Published

tracing basalt in the onsernone valley

It is said that Basalt (1910 – ?) was a gender non-conforming person born and raised in Berlin. They studied geology while being part of the city’s vibrant queer scene before escaping the Nazi regime in the 1930s. For years, they travelled through Europe until they settled in the Onsernone Valley in the 1950s. Here, Basalt developed a keen ear and relationship to the environment informed by early theories of bioacoustics, psychoacoustics, and ecology. Oozing with poetry, Basalt’s notes revealed a hypothesis of their own emerging from a singular methodology of listening. The core principle of their “sonic imprint theory” was the belief that sound leaves measurable traces in the matter it comes into contact with. Consequently, Basalt spent the rest of their life using their body as a sound recording device in the hopes of creating a sonic archive through their skeleton. In time, they cultivated an intimate and extensive relationship with rocks, birds, rivers, insects, and human locals—such as fellow trans refugee and poet Gian Alessandro Rapp. In the end, nobody knows exactly what happened to Basalt. It is believed that they disappeared in the Onsernone Valley, their body never to be found. Based on Basalt’s last written entry, some speculate that they morphed into a grasshopper and joined, what they called, the insect people.

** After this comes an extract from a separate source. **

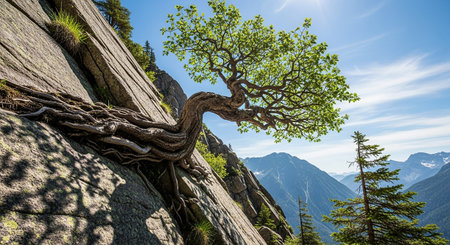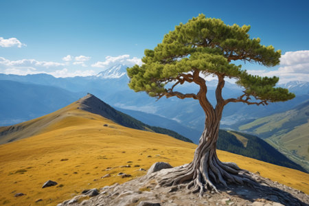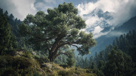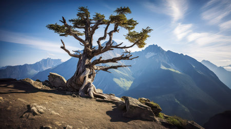 a majestic tree stands on a mountainside, with towering mountains as its backdrop. this breathtaking photograph captures the beauty of nature in the style of unreal engine 5, showcasing photographically detailed portraitures. the uhd image showcases the intricate details of the tree's bentwood, while evoking a sense of wonder with its high detailed hunting scenes. this national geographic photo is a stunning portrayal of the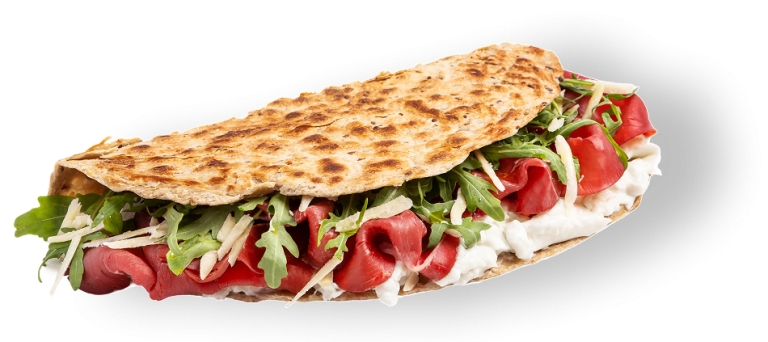 La nostra piadina, friabile leggera e dorata, è un equilibrio di sapori ottenuta dalla scelta accurata degli ingredienti. Provala in tutte le nostre irresistibili combinazioni.

Inspired by Basalt’s life and writings, Pablo Diserens and Ludwig Berger put Basalt’s thinking and methodologies into practice. The duo followed these aphorisms like a map, listening to the Onsernone Valley and recording the sounds it fostered. As time passed, the landscape unveiled itself differently, and the parallels with Basalt’s experience grew. Sounds became palpable while the boundaries between the two artists and the world blurred. Out of this attempt to bring Basalt’s philosophy back to life, Pablo Diserens and Ludwig Berger created a counter-cartography of the valley’s soundscape, tracing the effects and interrelations of its sonic imprints. Together, the album and Basalt’s writings enact a psychogeographical gesture that urges listeners to reimagine their relationship with the world around them.

Bandcamp

During a trip to Switzerland’s Onsernone Valley, Pablo Diserens and Ludwig Berger found a folder labeled “Basalt.” It was filled with sheets of paper covered in typewritten aphorisms: “How deeply does a sound penetrate me before it fades away?” and “My body as a recording device/ My own bones as sound storage/ My skeleton as a sound archive for posterity.” Diserens and Berger discovered that Basalt was the name of a gender non-conforming person who fled Berlin from the Nazis before settling in the Onsernone Valley in the 1950s. There, they started to formulate ideas about sound. Basalt theorized that sound waves leave traces in physical matter—including their own body. They organized a “strict sound diet” to control what would end up recorded in their bones. Tracing basalt in the onsernone valley is Diserens and Berger’s attempt to follow this diet themselves, recreating the listening experiments that Basalt wrote down. Research is ongoing into Basalt’s life; their eventual fate is still unknown. However, this release is the first step in publicizing their remarkable story and circulating their fascinating thoughts about sound, listening, and identity.